Me voilà seul dans la descente, toujours pas un arbre mais mon état semble s'améliorer peu à peu. Je suis toujours en galère mais ma vision n'est plus trouble, l'envie de vomir m'est passée et j'ai rebranché le cerveau, ouf! Les jambes elles aussi me reviennent peu à peu, la descente ne me demande aucun effort particulier, je veille uniquement à rester très concentré dans les lacets pour trouver la meilleure voie. Je croise des randonneurs et dépasse un solo, Je ne vois pas la descente passer, j'ai retrouvé ma bulle. Le temps me tarde d'arriver au prochain ravitaillement, je sens que j'ai encore besoin de boire. Je compte les kilomètres tandis que je tire sur ma pipette. D'après mes calculs celui-ci devrait se situer autour du 36ème kilomètres, deux randonneurs que je croise en bas de la descente me l'indiquent dans moins d'un kilomètre. D'expérience je décide de rayer l'indication de ma mémoire, mais l'espoir de boire un coup rapidement vient contrecarrer ma résolution et je me mets à saliver à l'idée d'un verre de coca bien frais...

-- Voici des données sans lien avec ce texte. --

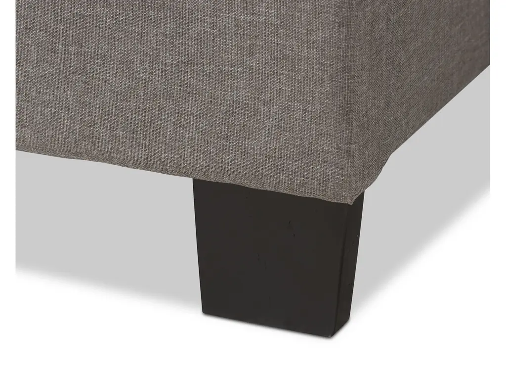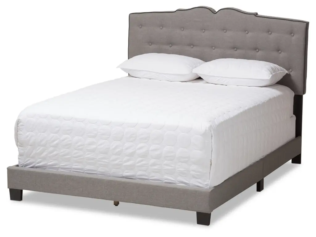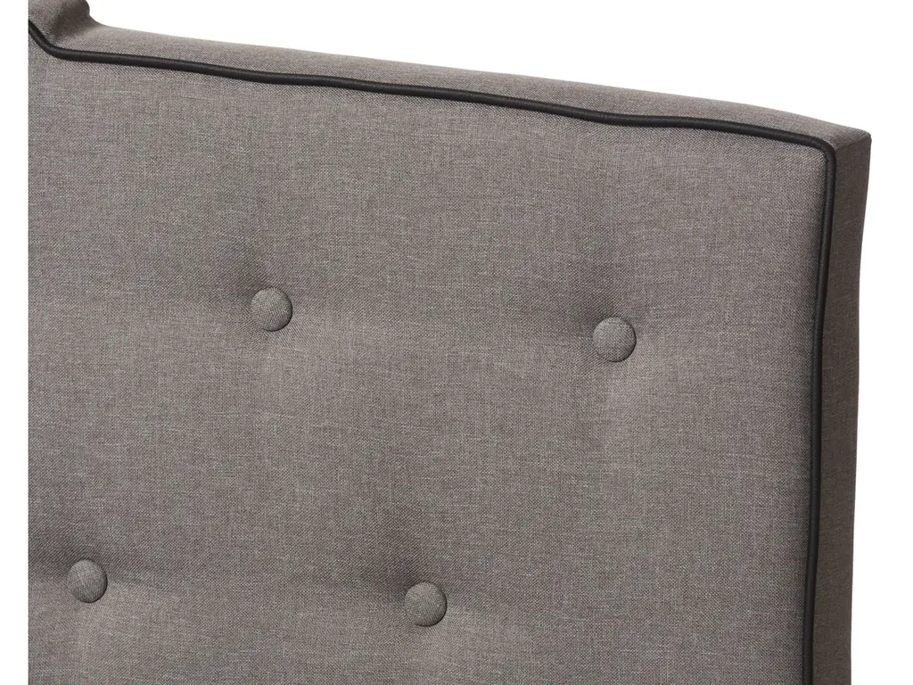 What a fresh twist on style. Between the fancifully scalloped headboard, button tufting and pretty piping in a contrasting neutral tone, this beautifully upholstered bed in gray is a dream come true. Rest easy, it’s also priced to entice.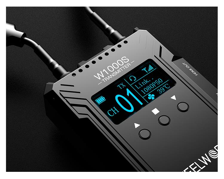 El transmisor W1000S tiene un alcance de más de 1000 pies sin problemas y fiable para la transmisión inalámbrica de imagen y sonido; una latencia alcanzable de 0,08 s para la visualización en tiempo real, lo que permite.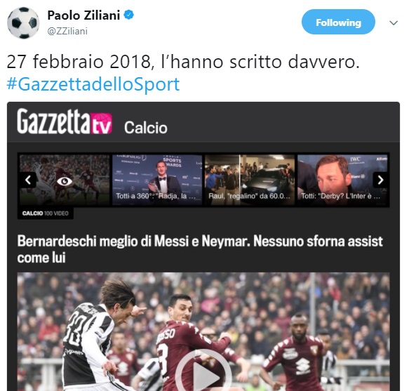 Paolo Ziliani ha commentato con un ironico tweet un articolo de La Gazzetta dello Sport che definisce Bernardeschi 'meglio di Messi e Neymar' per il numero di assist. "L'hanno scritto davvero", il cinguettio del giornalista, visibile in basso.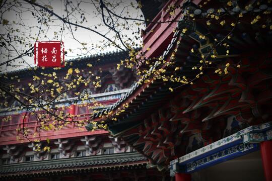 免费赏梅好去处,一定要来滕王阁北园[搜索高亮]看看,太美了!! 🌸导航:古乐坊滕王台,就是游轮售票处后面,有一个戏台,长廊尽头有三棵梅花,配着古建筑,非常出片!

J'arrive sur un chemin près d'une route, le balisage me laisse sceptique et je cherche un peu mon chemin, je vais voir d'un côté puis de l'autre. Finalement j'opte pour le sentier en sous-bois qui part vers la droite: bonne pioche! Un peu de plat, quel bonheur! J'avance bien sur ce petit chemin jusqu'au lac Claret (magnifique) et de nouveau voilà que je ne trouve plus de balisage... Je m'arrête, regarde un peu tous les chemins: rien. Mince, il va falloir tirer à la courte paille... C'est à ce moment que surgit Fabrice, qui m'indique le chemin d'en face: en effet il y avait bien un fanion accroché à une branche d'arbre, manque de bol il était dans une position qui le rendait invisible pour moi... Je le remercie et repars devant. Le terrain se fait plus vallonné, malgré la fatigue je prend de nouveau beaucoup de plaisir. Le paysage est chouette et les sensations sont bel et bien revenues. Je suis presque déçu de n'avoir dépassé personne depuis la Morte!

Ultra Tour des 4 Massifs

Je réactive le turbo (un peu essoufflé tout de même), bien décidé à filé à Poursollet sur les chapeaux de roues. J'entend des applaudissements pour un coureur juste devant moi et entend qu'il est troisième solo, wahou! Il faut préciser que depuis le début de la course je me demande où j'en suis dans le classement solo, me voilà fixé, je commence à voir du top niveau! Je finis par le rattraper et le félicite vivement pour ce qu'il est en train de réaliser. Il me dit que maintenant il espère surtout tenir jusqu'au bout, je l'encourage vivement et repars de l'avant. Il avait tout de même bien marqué, j'espère pour lui que ca ira! Il terminera finalement 4ème et second V1H, bravo!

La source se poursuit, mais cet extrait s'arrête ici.